Our study demonstrates the presence of an underlying seasonal pattern in the human gut microbiome. Through the application of the FFT, we identify the existence of multiple dominant seasonalities within the gut microbiome. Moreover, we establish that by utilizing the seasonal component, it becomes possible to predict changes in the human gut microbiome over time with satisfactory performance. The gut microbiome is known to be strongly influenced by external factors, including diet (36). Previous research on the seasonality of the gut microbiome has largely focused on specific data sets from isolated religious groups or indigenous hunter-gatherer communities, whose dietary habits are closely linked to seasonal changes in weather (37–40). We hypothesize that the observed seasonal patterns in the gut microbiome may arise from intricate metabolic interactions among bacteria, which depend on various energy sources derived from the diet and/or their interactions with the external environment. The fluctuations in nutrient availability and dietary composition across seasons could potentially influence the growth and activity of specific bacterial groups, leading to the emergence of distinct seasonal behaviors. Further investigations into the metabolic pathways and interactions within the gut microbiome are warranted to elucidate the underlying mechanisms contributing to these observed seasonal patterns (18). However, without pertinent metadata, annotations of specific bacterial functions (e.g., derived from shotgun metagenomics experiments), or more ubiquitous longitudinal study designs, discerning the precise origins of these seasonal fluctuations remains challenging.

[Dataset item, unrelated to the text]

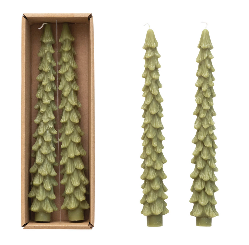Tree shaped taper candles made from unscented paraffin wax. Set of 2.

Next, to define how particular bacteria behave in time, we described each bacteria with a longitudinal characteristic vector (Table 3). We create a correlation matrix of longitudinal features to derive groups of features that exhibit a similar behavior. Finally, we define three large groups of bacterial behavior in time: (i) the stable microbiome, (ii) the temporal microbiome, and (iii) noise. We show that the data from the human gut microbiome is, in terms of relative abundance, mostly noise that, we hypothesize, might derive from technical factors. Then, we show that in all four subjects, there exists a small fraction of bacteria that, despite being few, are highly abundant and are present in more than 90% of the time in the human gut microbiome. Finally, we show that there exists a group of volatile bacteria that, we hypothesize, react more vividly to environmental changes. Our findings align with previous research by Gibbons et al., indicating that the human gut microbiome comprises both predictable autoregressive bacteria and a significant portion of stochastic non-autoregressive bacteria (4, 18). Additionally, our results suggest that diet and other metadata may play a crucial role in gut microbiome dynamics.

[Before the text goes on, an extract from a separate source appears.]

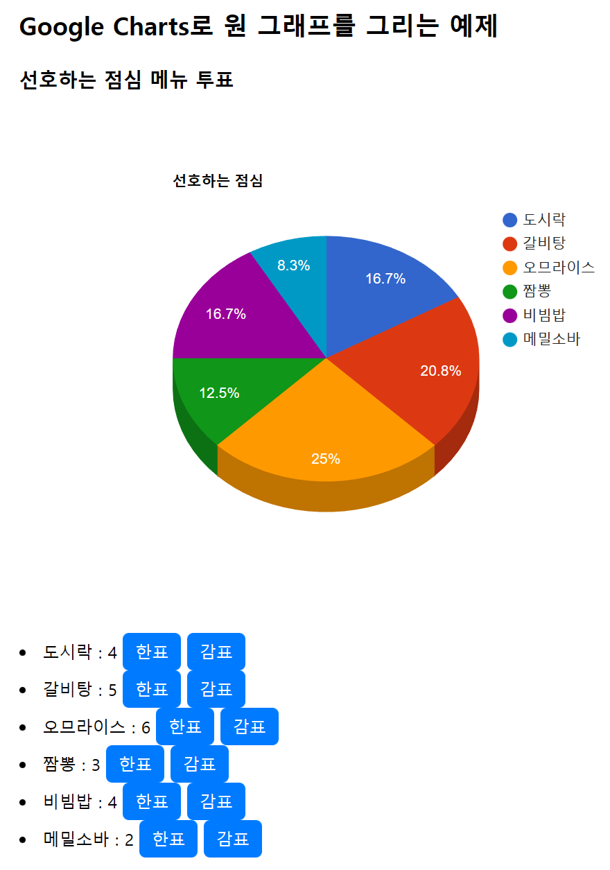 <h2>Google Charts로 원그래프를 그리는 예제</h2>

Graph analysis (performed with NetworkX) revealed that we can additionally group bacteria in a generally healthy human gut microbiome based on their co-occurrence relationships: noisy bacteria (the largest part in terms of a total number of species) that cluster out together, abundant bacteria (largest part in terms of a total number of counts) that presumably drive microbiome dynamics, and a sizeable part of mostly singletons (denoted as “cloud”) that are not (anti)correlated with anything else. The last two regions are highly heterogeneous in terms of their longitudinal regime, which may indicate complex relationships between bacteria from different regimes. The cloud seems to be the most intriguing, especially taxa classified as stable and prevalent that are present in it. However, higher-quality data (larger taxonomic resolution) would be needed to analyze its dynamics and related functions.

Our study aligns closely with previous research, highlighting the coherence of our findings. What distinguishes our approach is the use of rigorous statistical methods, machine learning algorithms, econometric analysis, and graphical tools to examine the behavior of individual bacteria in the human gut. This allows other scientists to more efficiently quantify even large quantities of bacteria and gain new insights into the composition of the human gut microbiome community while analyzing dense time series of human gut microbiome. We believe that our study facilitates scientists in understanding the behavior of bacteria in the human gut and aids in the development of predictive models. Traditionally, researchers have employed a methodology wherein they analyze the top 10% of the most frequently observed bacterial taxa to gain a comprehensive understanding of the microbiome dynamics over time (4, 18, 41). However, our findings demonstrate that while this approach is indeed valuable and the removal of rare bacteria serves as an effective means of reducing dimensionality and noise, it is imperative to acknowledge the presence of bacteria that exhibit temporal patterns, emerging periodically in response to specific conditions within the host’s gastrointestinal tract.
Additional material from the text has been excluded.